Ethereum’s price divergence means this for DeFi blue-chip tokens
- Ethereum’s price showed a potential decoupling from DeFi tokens.
- TVL metric, however, showed the contribution of DeFi to the TVL of Ethereum.
Ethereum [ETH] rose to fame by introducing an innovative concept called smart contracts, which revolutionized the world of decentralized finance (DeFi).
However, according to recent reports, the price of ETH, Ethereum’s native cryptocurrency, has been gaining ground on the established tokens of DeFi’s leading projects. This development indicates a potential decoupling between Ethereum and these blue-chip tokens.
Ethereum price decouples from DeFi tokens
According to recent Glassnode data, a notable divergence in price trends between Ethereum’s DeFi tokens and ETH has come to light.
The data revealed that following the “DeFi Summer” in January 2021, DeFi tokens embarked on a more rapid upward trajectory than ETH. However, this surge was short-lived, as a significant drop occurred in May 2021, followed by a continuous decline.
Even during the latter part of the 2021 bull market, DeFi tokens exhibited less responsiveness to positive market movements. This might be due to the market’s growing preference for NFTs during that period.
Furthermore, it was worth noting that the DeFi index failed to surpass its previous all-time high in May. It remained -42% below it, despite ETH prices reaching new record levels in November 2021.
As of January 2023, a breakdown in the correlation between Ethereum and DeFi tokens emerged. It indicated a detachment between the activities surrounding DeFi tokens and the overall ETH market performance thus far this year.
Wallet Addresses decreases
Since March, there has been a significant and rapid decline in new addresses for DeFi tokens. Based on the observed chart, it was seen that only around 600 new wallets holding DeFi tokens were being created daily.
This indicated a continued struggle for DeFi tokens to attract investor attention. Interestingly, this struggle persisted even as ETH prices started to recover during the first quarter of 2023.
Additionally, the monthly average of new addresses has consistently remained below the yearly average, except for a notable spike that occurred around the time of the FTX collapse.
However, it is important to note that this spike does not indicate new demand for DeFi tokens. Instead, it was primarily associated with divestment from DeFi tokens as the market perception of risk increased.
Ethereum TVL showcases the decline of Defi
As of this writing, the Total Value Locked (TVL) of Ethereum per DefiLlama was $26.84 billion. What was notable about the TVL was that Lido, a liquid staking platform was responsible for over 40% of the TVL.
Other DeFi platforms comprised the top five largest TVL contributors to Ethereum’s TVL. A look at the general trend of the TVL showed that it was experiencing regular activities with no significant uptrend or downtrend.

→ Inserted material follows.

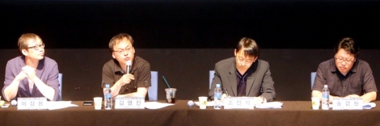 ▲ 16일 전주디지털독립영화관에서 열린 제14회 전주국제영화제 평가공청회에서 김영진 수석 프로그래머가 답변하고 있다. 왼쪽부터 이상용 프로그래머, 김영진 수석 프로그래머, 조인석 예원대 교수, 송경원 씨네21 기자. 추성수기자chss78@
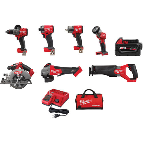 This power tool kit features seven M18 Fuel™ 18-Volt lithium-ion brushless cordless tools, including a 1/2 in. hammer drill, 1/4 in. impact driver...

Read Ethereum (ETH) Price Prediction 2023-24
Weak bullish trend flash in price trend
Examining the daily price trend of Ethereum, it was evident that it was currently experiencing a downtrend. Nevertheless, when considering the overall performance of ETH throughout the year, the price has increased by more than 50% year-to-date.
At the time of writing, ETH was trading at approximately $1,856, reflecting a decline of nearly 1%. While the trend was still technically bullish, it appeared relatively weak. Also, a further drop in price could lead to a shift in the current trend.